Method 2: Git Installation

cd ComfyUI/custom_nodes
git clone https://github.com/crmbz0r/ComfyUI_Wan22Blockswap.git

Method 3: Manager Installation

If you're using ComfyUI Manager, search for "Wan22Blockswap" in the available nodes list and install directly. (not yet, will add soon)

🎯 Usage

Basic Usage

Load your WAN model in ComfyUI
Add the "WAN 2.2 BlockSwap Patcher" node to your workflow
Connect your model to the BlockSwap Patcher node
Configure the parameters based on your VRAM requirements
Connect the output directly to the KSampler of your choice, I'd recommend to connect it directly to the KSampler without any nodes inbetween. (check workflow examples)

📦 Available Nodes

Active Nodes (6 total)

Node	Description
WAN Model Loader	Simple WAN model loader (no BlockSwap) - use with GGUF loaders
WAN 2.2 BlockSwap Patcher	Apply BlockSwap to any single loaded model
WAN 2.2 BlockSwap Combo Patcher	Apply BlockSwap to HIGH+LOW model pair with automatic switching
WAN 2.2 BlockSwap Cleanup	Clean up BlockSwap state after sampling
WAN 2.2 BlockSwap Reposition	Re-position blocks for next sampling run
WAN 2.2 Full Cleanup (End)	Aggressive cleanup at end of workflow (like "Free Model and Node Cache")

🎯 Quick Start

Recommended Workflow: Combo Patcher

For guidance distillation workflows (HIGH noise → LOW noise models):

Usage with the WanVideoLooper node is pretty similar, just replace the Integrated KSampler with the Looper Node and add the LoRA Sequencer if needed.

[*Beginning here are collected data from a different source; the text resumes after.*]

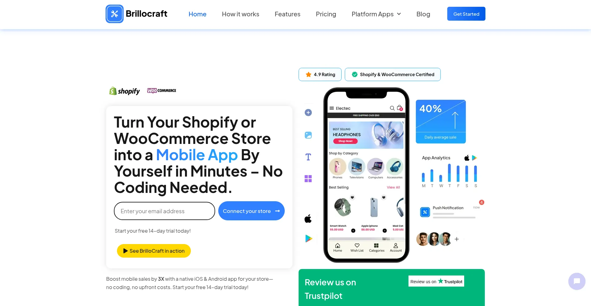 Build a custom mobile app for your store. Brillocraft helps you create seamless shopping experiences, improving engagement and boosting sales with ease.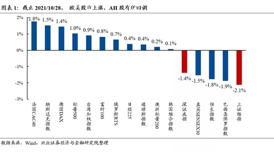 欧美股市上涨,AH股有所回调。过去5个交易日(2021/10/22-2021/10/28,下文的本周均为该区间)发达市场股市普遍表现较好其中,法国CAC40指数领涨,纳指上涨1.5%,标普500上涨1.0%,日经2225和道指上涨0.4%。本周AH股跌幅较大,上证综指和深证成指下跌2.1%、1.4%,港股恒生指数下跌1.8%。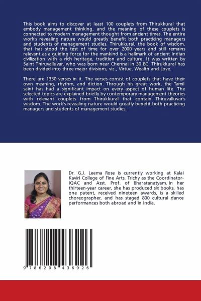 This book aims to discover at least 100 couplets from Thirukkural that embody management thinking, and the meaning of these couplets is connected to modern management thought from ancient times. The entire work's revealing nature would greatly benefit both practicing managers and students of management studies. Thirukkural, the book of wisdom, that has stood the test of time for over 2000 years and still remains relevant as a guiding force for the mankind is a hallmark of ancient Indian civilization with a rich heritage, tradition and culture. It was written by Saint Thiruvalluvar, who was born near Chennai in 30 BC. Thirukkural has been divided into three major divisions, viz., Virtue, Wealth and Love. There are 1330 verses in it. The verses consist of couplets that have their own meaning, rhythm, and diction. Through his great work, the Tamil saint has had a significant impact on every aspect of human life. The selected topics are explained briefly by contemporary management theories with relevant couplets from Thirukkural that contain Thiruvalluvar's wisdom. The work's revealing nature would greatly benefit both practicing managers and students of management studies.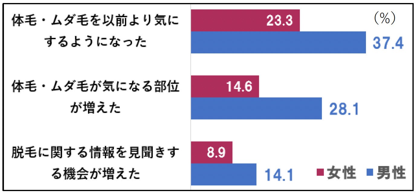 コロナ禍を機にムダ毛・脱毛に関心を持つ男性は女性以上に増えています。在宅時間が伸びたことで、オンライン会議等で自分の顔をみる機会が増えており、髭のムダ毛・剃り跡などが気になることが増えたのかもしれません。脱毛によって髭の形を整えたい、髭剃りによる肌荒れをなくしたいといった理由から、脱毛サロンやクリニックを利用する男性が増加する可能性があります。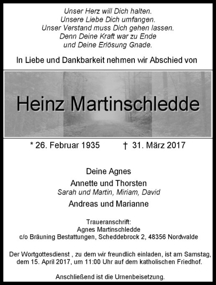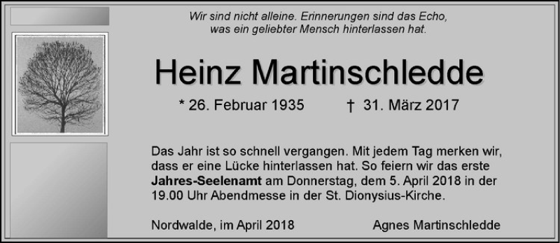 Hier finden Sie alle Traueranzeigen aus der Zeitung, die bisher für Heinz Martinschledde erschienen sind. Weitere Traueranzeigen, die in der Zeitung erscheinen, werden hier ebenfalls aufgelistet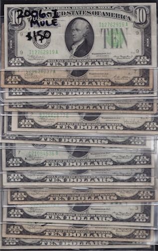 Lot of 16 USA $10 FRN's - Includes: 14x 1934 mix of plain, A, B, & C; 1928 B Series; 1934A Mule in VF+. 16 Pcs.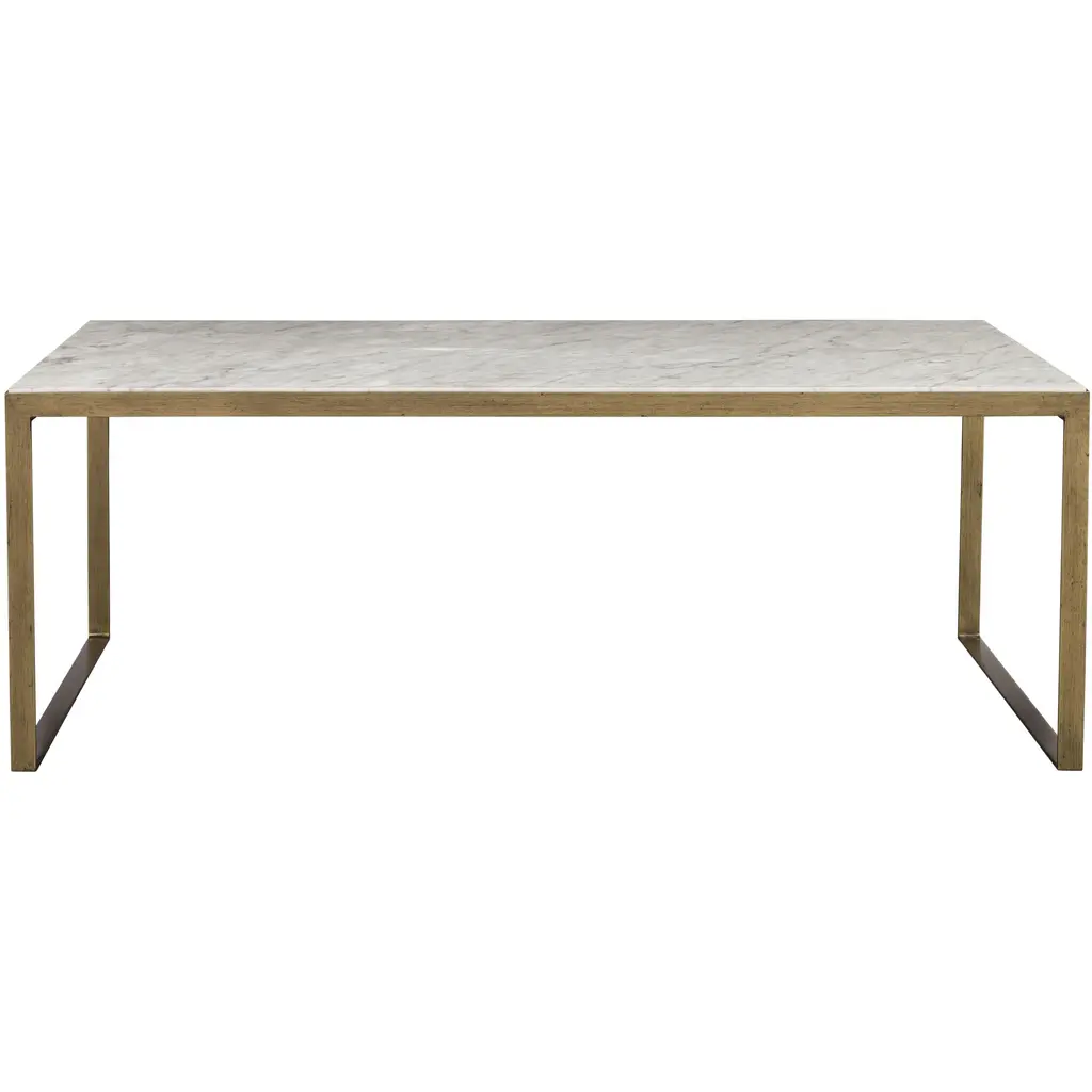A beautiful modern marble coffee table. Tabletop features a 1" layer of white Italian marble supported by an antique brass iron frame. Can be paired with our high profile Evert coffee table for added dimension. Each piece sold separately. As marble is a natural material, unique veining, pitting, fissures, micro-cracks and colour variations are all characteristics that add to the uniqueness and beauty of each piece.

I'll add an example workflow later too..

Or the basic High / Low KSampler workflow:

How It Works

Combo Patcher receives both HIGH and LOW noise models
Positions HIGH noise blocks on GPU (28) and CPU (12)
Moves ALL LOW noise blocks to CPU (waiting)
Patches forward methods for dynamic block swapping
Registers ON_CLEANUP callback on HIGH noise model
When HIGH noise sampling completes → callback positions LOW noise blocks
LOW noise samples with its blocks properly positioned
Full Cleanup frees all memory at workflow end

⚙️ Node Parameters

WAN 2.2 BlockSwap Combo Patcher

Parameter	Type	Default	Description
`model_high`	MODEL	Required	High noise model (guidance distillation)
`model_low`	MODEL	Required	Low noise model (guidance distillation)
`blocks_to_swap`	INT	12	Number of blocks to offload to CPU (0-40)

WAN 2.2 BlockSwap Patcher

Parameter	Type	Default	Description
`model`	MODEL	Required	Any WAN model to apply BlockSwap to
`blocks_to_swap`	INT	20	Number of blocks to offload to CPU (0-40)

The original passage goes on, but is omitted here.